Tuesday, August 18, 2020

Differences between SANER and Quality Reporting Measures

 

As I work through SANER IG Development, more of the content is being focused on explaining measures of situation awareness and how they differ from measures for quality reporting.  While quality reporting and situation awareness measures share some of the same structures, they have different rules of engagement.

  1. Quality Reporting measures are expected to remain stable, Situation Awareness measures need to adapt to a changing environment and needs.

  2. Quality Reporting measures have a longer time frame to implementation (e.g., months), situation awareness measures are much shorter (weeks or even days).

  3. Quality Reporting measures have an identifiable financial return on investment based on payer and federal quality management and improvement programs (e.g., MIPS, MACRA, ACOs), Situation Awareness measures: Not so much.

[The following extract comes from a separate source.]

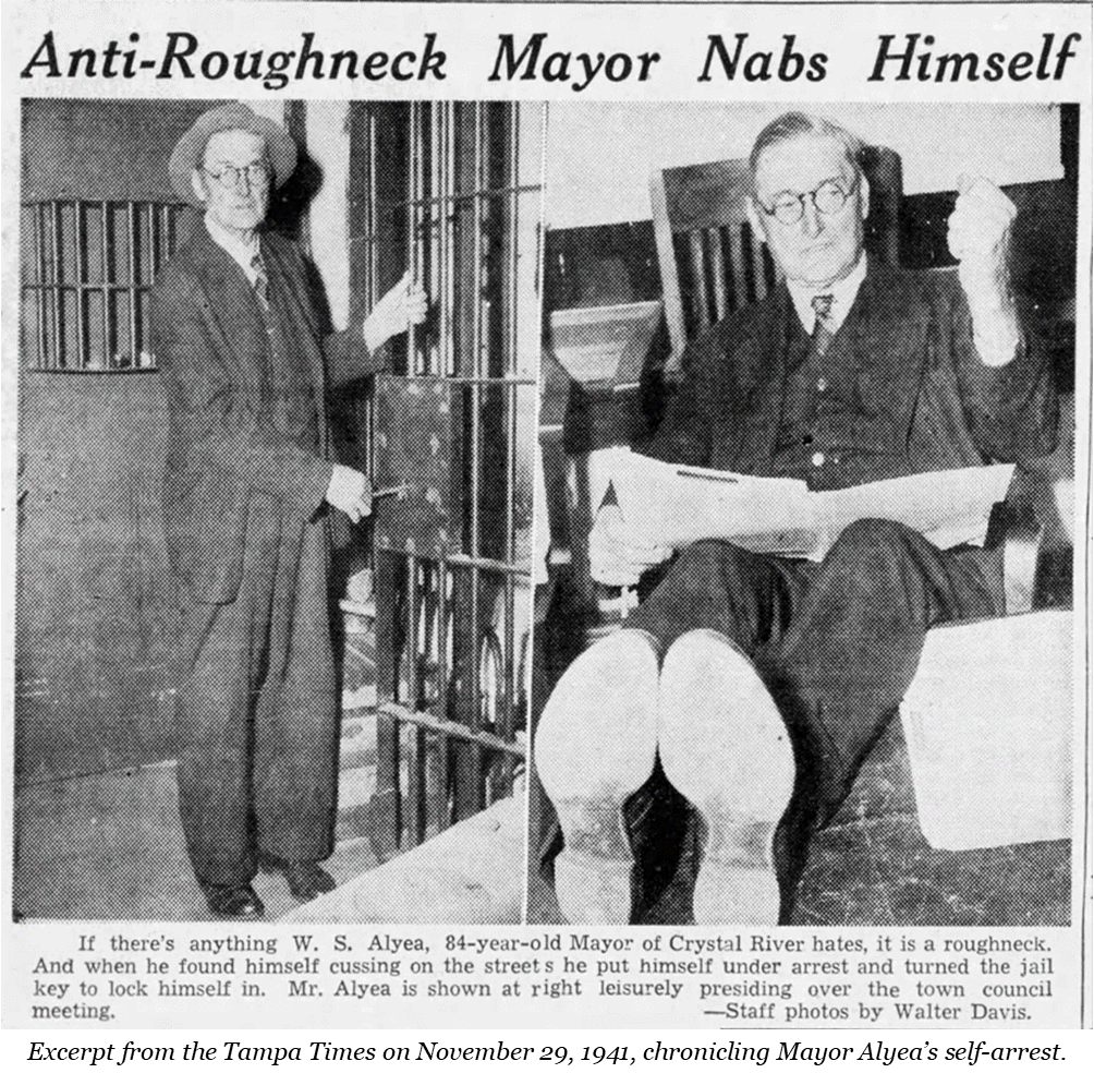 A group of respectable citizens had gathered to watch the donnybrook. Citrus County was a different time and place than it is today – and cursing in public was a crime that was strictly enforced and resulted in a court appearance. The onlookers told the Mayor that maybe he should be arrested for such a shameful display. He thought for a moment and replied “That’s exactly what I’m going to do”. Alyea marched over to the Crystal River City Hall, placed himself under arrest, and proceeded to lock himself into the jail cell in that building.

  4. Hospitals are directly incented for quality measurement implementation with enough $ for a positive bottom line impact. While there are some reimbursement programs available (e.g., to states for emergency preparedness), those $ generally flow to states and through them to facilities, and generally only offset some of the costs of implementation.

  5. Situation Awareness measurement programs are driven by government mandates, Quality Reporting measures are incented by government payments.  It's a very thin gray line, because for most, the "incentives" are effectively mandatory for many implementers, but the fact that there's a payment involved means that the drivers for implementation inside an organization do exist for quality measurement.

  6. Quality measures come out of the healthcare space, Situation Awareness measures come from emergency preparedness and response space.  The intersection between these skill sets results in a smaller group of SMEs familiar with both sides (and I'm not fully there yet).